**Excerpted data**
*** Begin section ***
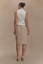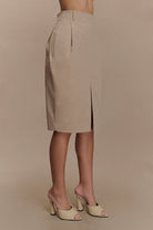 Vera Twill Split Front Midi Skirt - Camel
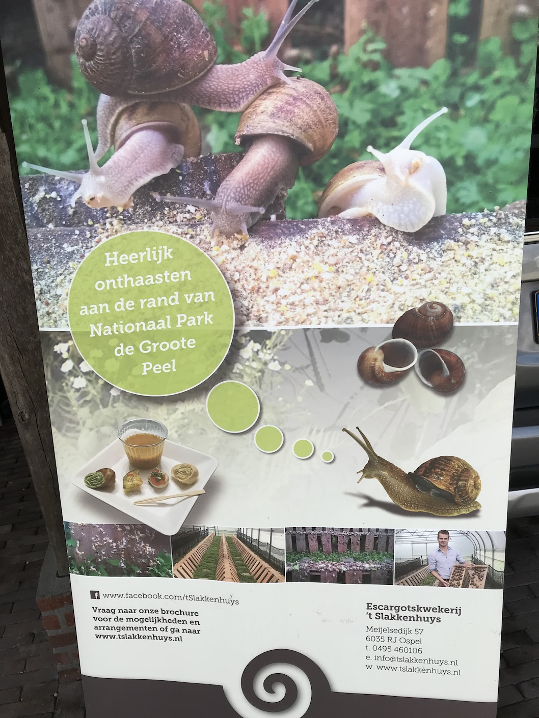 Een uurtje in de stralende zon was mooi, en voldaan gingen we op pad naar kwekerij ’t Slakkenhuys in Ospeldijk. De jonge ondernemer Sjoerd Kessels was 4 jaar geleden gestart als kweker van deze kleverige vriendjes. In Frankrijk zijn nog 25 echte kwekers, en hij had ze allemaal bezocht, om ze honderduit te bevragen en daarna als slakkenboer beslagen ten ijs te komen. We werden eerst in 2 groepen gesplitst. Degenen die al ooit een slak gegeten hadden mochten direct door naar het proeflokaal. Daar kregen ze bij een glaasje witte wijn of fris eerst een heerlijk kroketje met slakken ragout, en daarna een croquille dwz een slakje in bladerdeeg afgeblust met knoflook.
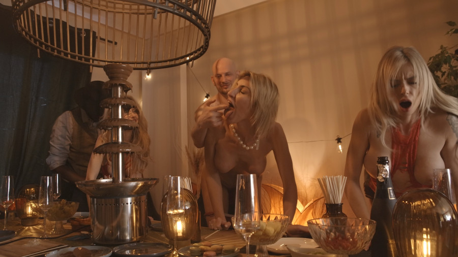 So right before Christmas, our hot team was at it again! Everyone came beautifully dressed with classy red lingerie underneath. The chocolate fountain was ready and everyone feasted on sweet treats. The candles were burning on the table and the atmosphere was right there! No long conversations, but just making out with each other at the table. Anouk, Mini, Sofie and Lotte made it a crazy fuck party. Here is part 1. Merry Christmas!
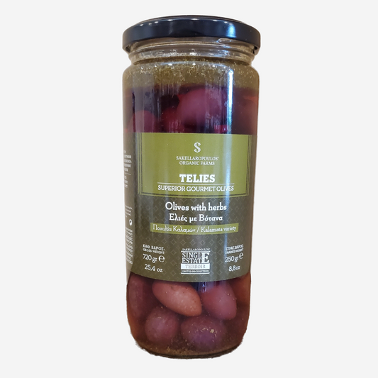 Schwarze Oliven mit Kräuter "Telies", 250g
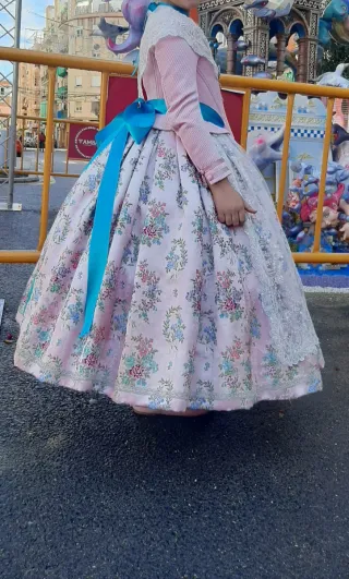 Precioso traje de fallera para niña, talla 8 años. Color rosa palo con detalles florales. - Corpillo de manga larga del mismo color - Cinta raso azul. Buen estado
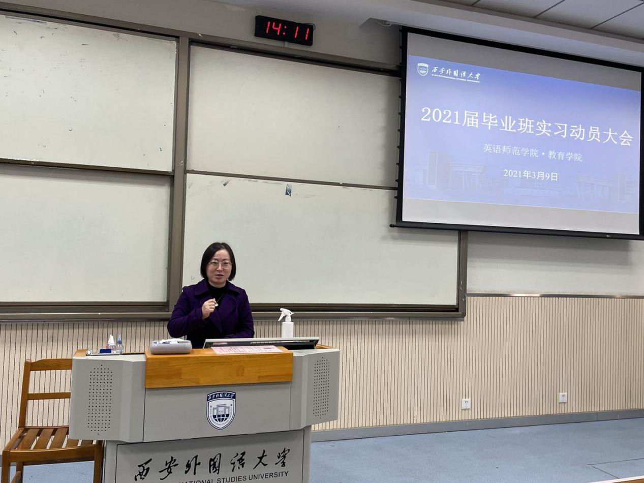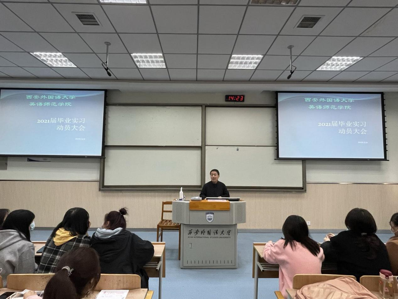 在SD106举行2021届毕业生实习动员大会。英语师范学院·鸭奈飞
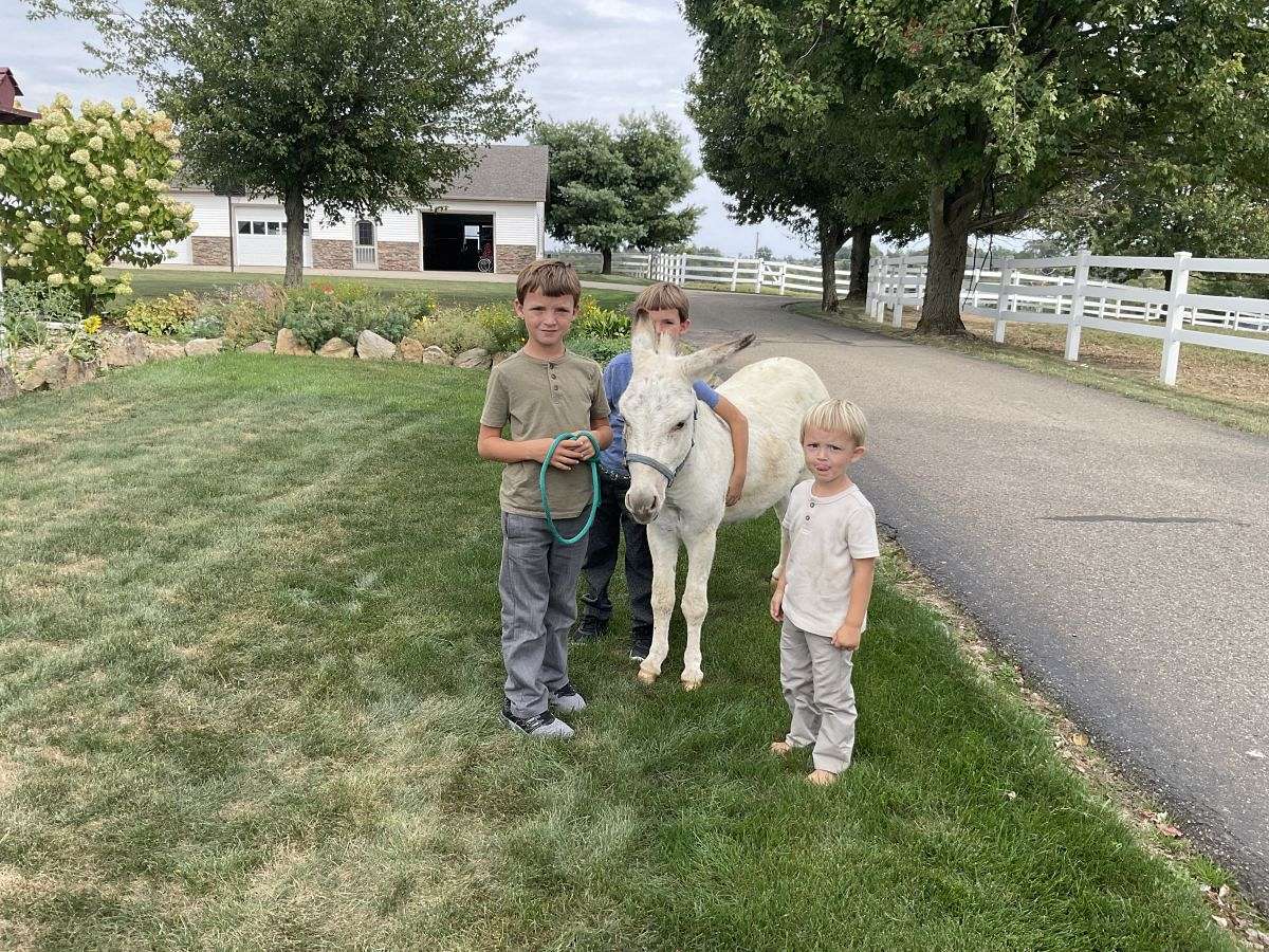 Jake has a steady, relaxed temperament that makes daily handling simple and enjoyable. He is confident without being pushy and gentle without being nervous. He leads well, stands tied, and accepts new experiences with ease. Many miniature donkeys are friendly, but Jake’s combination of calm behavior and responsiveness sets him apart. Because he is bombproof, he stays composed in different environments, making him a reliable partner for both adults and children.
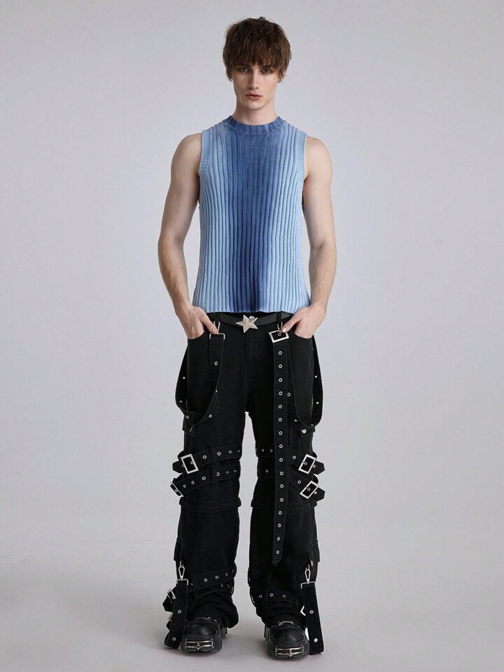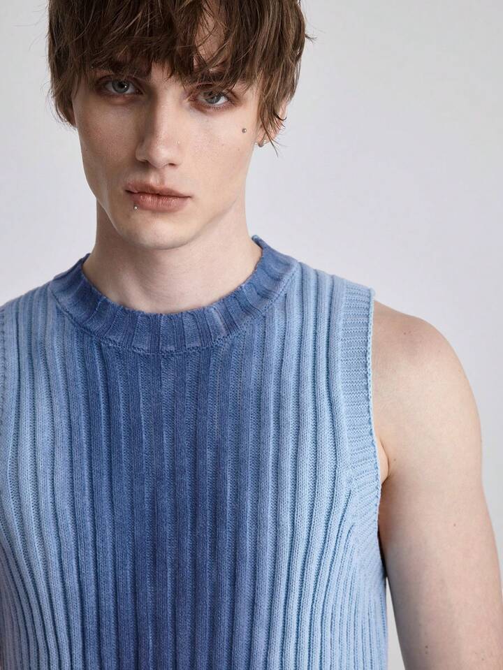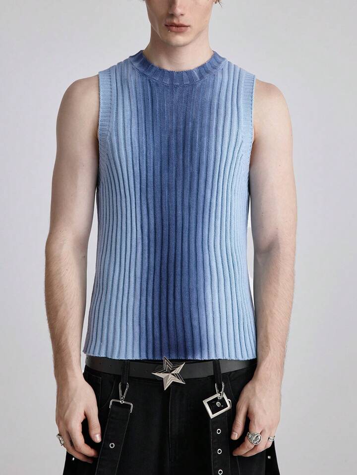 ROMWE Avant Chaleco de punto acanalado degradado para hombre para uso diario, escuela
*** End section ***
*** Begin section ***
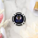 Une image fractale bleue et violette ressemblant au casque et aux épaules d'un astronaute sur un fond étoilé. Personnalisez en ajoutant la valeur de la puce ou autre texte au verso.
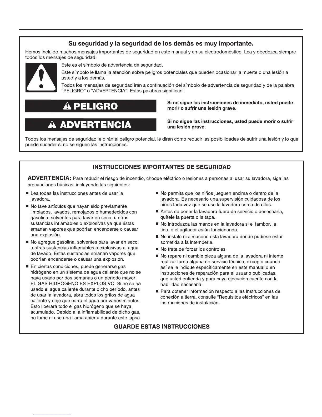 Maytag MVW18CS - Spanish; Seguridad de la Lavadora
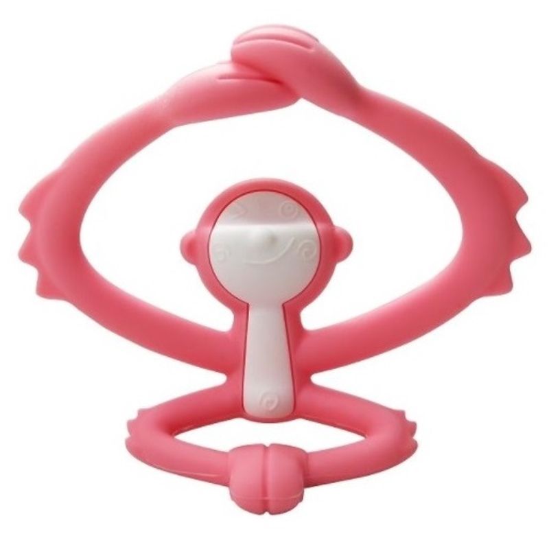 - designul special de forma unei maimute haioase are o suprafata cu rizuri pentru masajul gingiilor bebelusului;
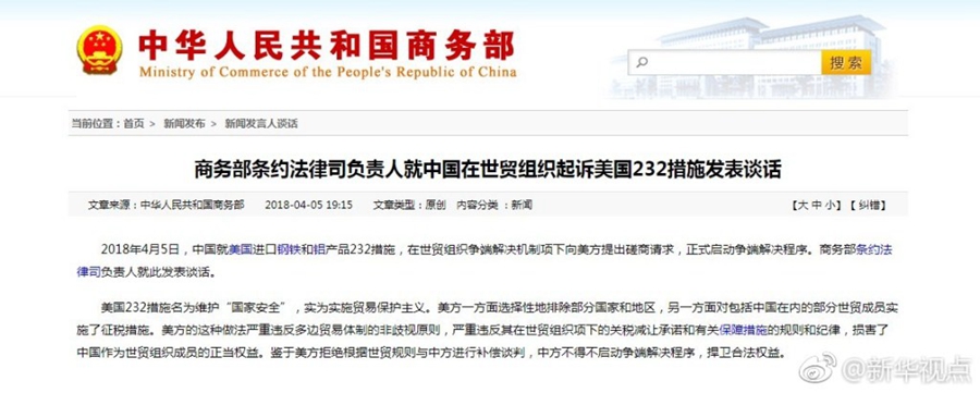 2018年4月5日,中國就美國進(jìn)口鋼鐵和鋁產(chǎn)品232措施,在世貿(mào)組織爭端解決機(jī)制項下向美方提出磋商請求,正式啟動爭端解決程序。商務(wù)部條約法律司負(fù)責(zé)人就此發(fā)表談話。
*** End section ***
**Required work**
Going by the data above, the answer is exactly the lines from the one holding "Schwarze Oliven mit" to the one holding "ROMWE Avant Chaleco", both kept, with the pictures left out.

**Exercise solution**
 Schwarze Oliven mit Kräuter "Telies", 250g
 Precioso traje de fallera para niña, talla 8 años. Color rosa palo con detalles florales. - Corpillo de manga larga del mismo color - Cinta raso azul. Buen estado
 在SD106举行2021届毕业生实习动员大会。英语师范学院·鸭奈飞
 Jake has a steady, relaxed temperament that makes daily handling simple and enjoyable. He is confident without being pushy and gentle without being nervous. He leads well, stands tied, and accepts new experiences with ease. Many miniature donkeys are friendly, but Jake’s combination of calm behavior and responsiveness sets him apart. Because he is bombproof, he stays composed in different environments, making him a reliable partner for both adults and children.
 ROMWE Avant Chaleco de punto acanalado degradado para hombre para uso diario, escuela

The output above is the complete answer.